- **Data shown**:
○ ○ ○ ○ ○
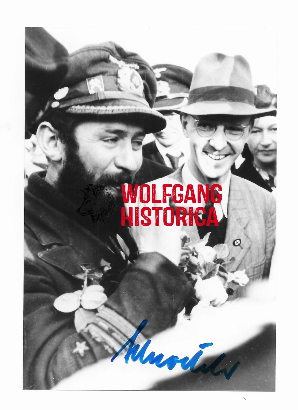 Original Postwar Signature on a Postwar Photo of Heinrich Schroeteler. Käpitanleutnant Heinrich Schroeteler (10.12.1915 in Essen-Katernberg † 19.01.2000 in Bochum) earned the Ritterkreuz des Eisernen Kreuzes on May 2, 1945 as Kapitänleutnant und Kommandant of Uboot “U-1023”.
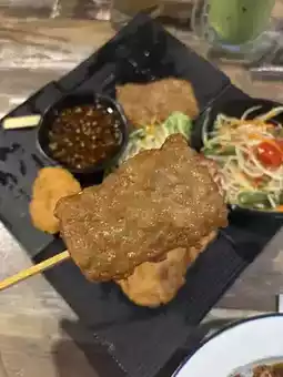 The **Blue Chang Mixed Platter** was even more amazing. It came with Thai shrimp patties, fish cakes, green papaya salad, and BBQ pork satay. Every bite was a different surprise! The refreshing green papaya salad was especially refreshing, perfectly relieving the greasiness and rounding out the entire dining experience! 🥗
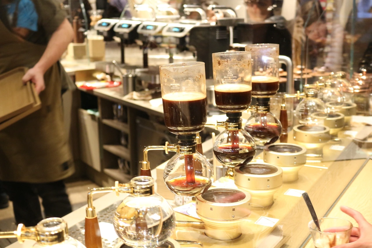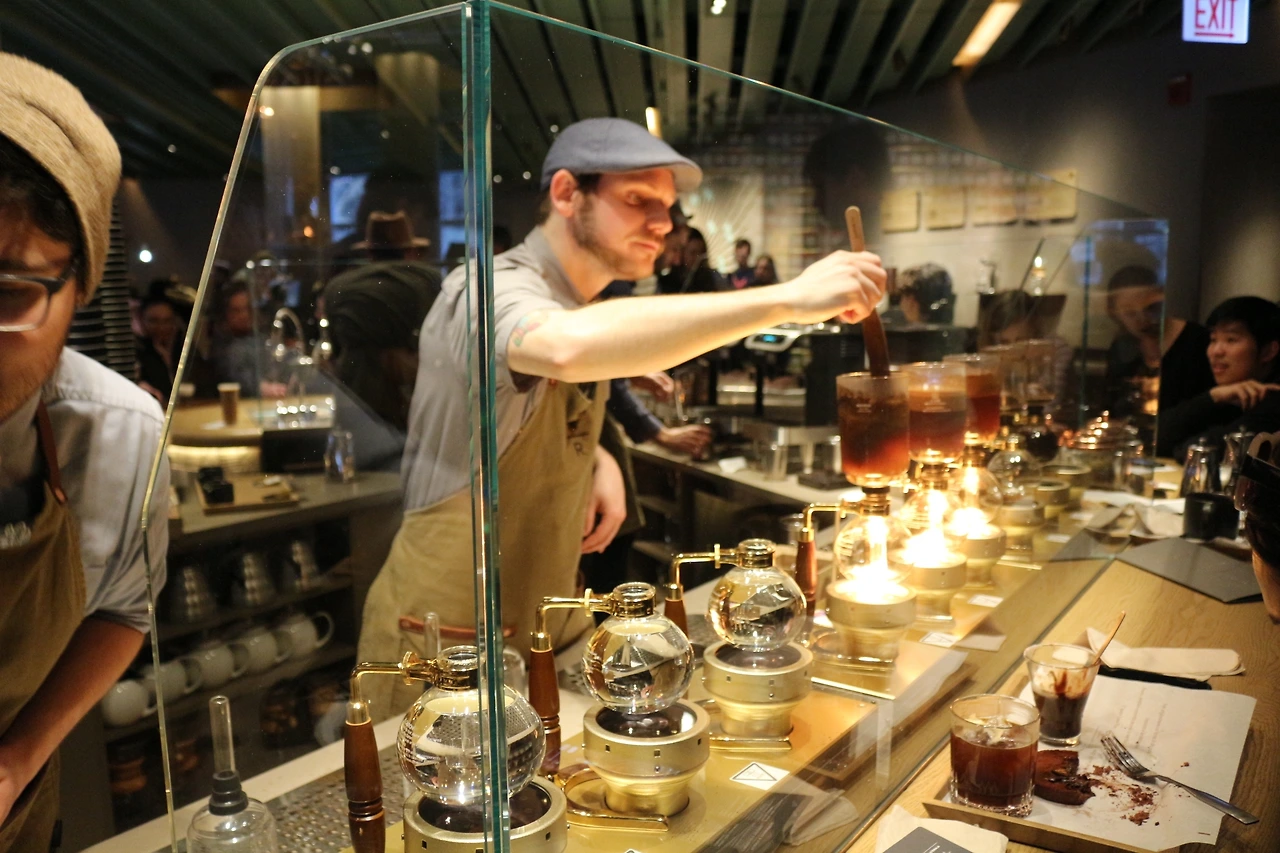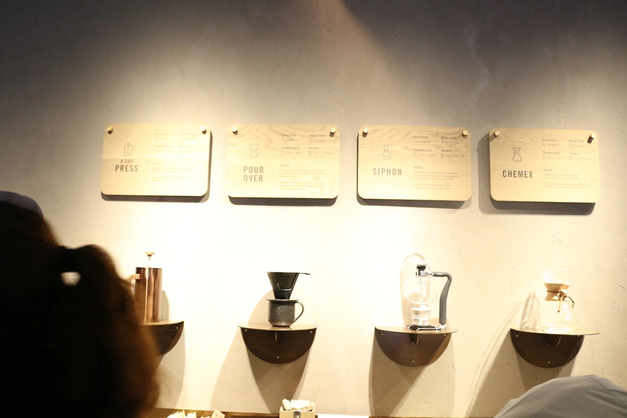 바 중앙으로 쭉 펼쳐져 있는 카운터에 앉아 특별한 드링크를 만드는 직원들을 구경하는 사람들, 바리스타와 대화를 나누면서 커피 브루잉(brewing) 과정을 지켜보고 배울 수 있는 특별한 기회를 가질 수 있다. 간단히 커피도 맛볼 수 있다!
○ ○ ○ ○ ○
- **Aim of the task**: Reproduce the material word for word, pictures excluded.

- **Answer section**:
 Original Postwar Signature on a Postwar Photo of Heinrich Schroeteler. Käpitanleutnant Heinrich Schroeteler (10.12.1915 in Essen-Katernberg † 19.01.2000 in Bochum) earned the Ritterkreuz des Eisernen Kreuzes on May 2, 1945 as Kapitänleutnant und Kommandant of Uboot “U-1023”.
 The **Blue Chang Mixed Platter** was even more amazing. It came with Thai shrimp patties, fish cakes, green papaya salad, and BBQ pork satay. Every bite was a different surprise! The refreshing green papaya salad was especially refreshing, perfectly relieving the greasiness and rounding out the entire dining experience! 🥗
 바 중앙으로 쭉 펼쳐져 있는 카운터에 앉아 특별한 드링크를 만드는 직원들을 구경하는 사람들, 바리스타와 대화를 나누면서 커피 브루잉(brewing) 과정을 지켜보고 배울 수 있는 특별한 기회를 가질 수 있다. 간단히 커피도 맛볼 수 있다!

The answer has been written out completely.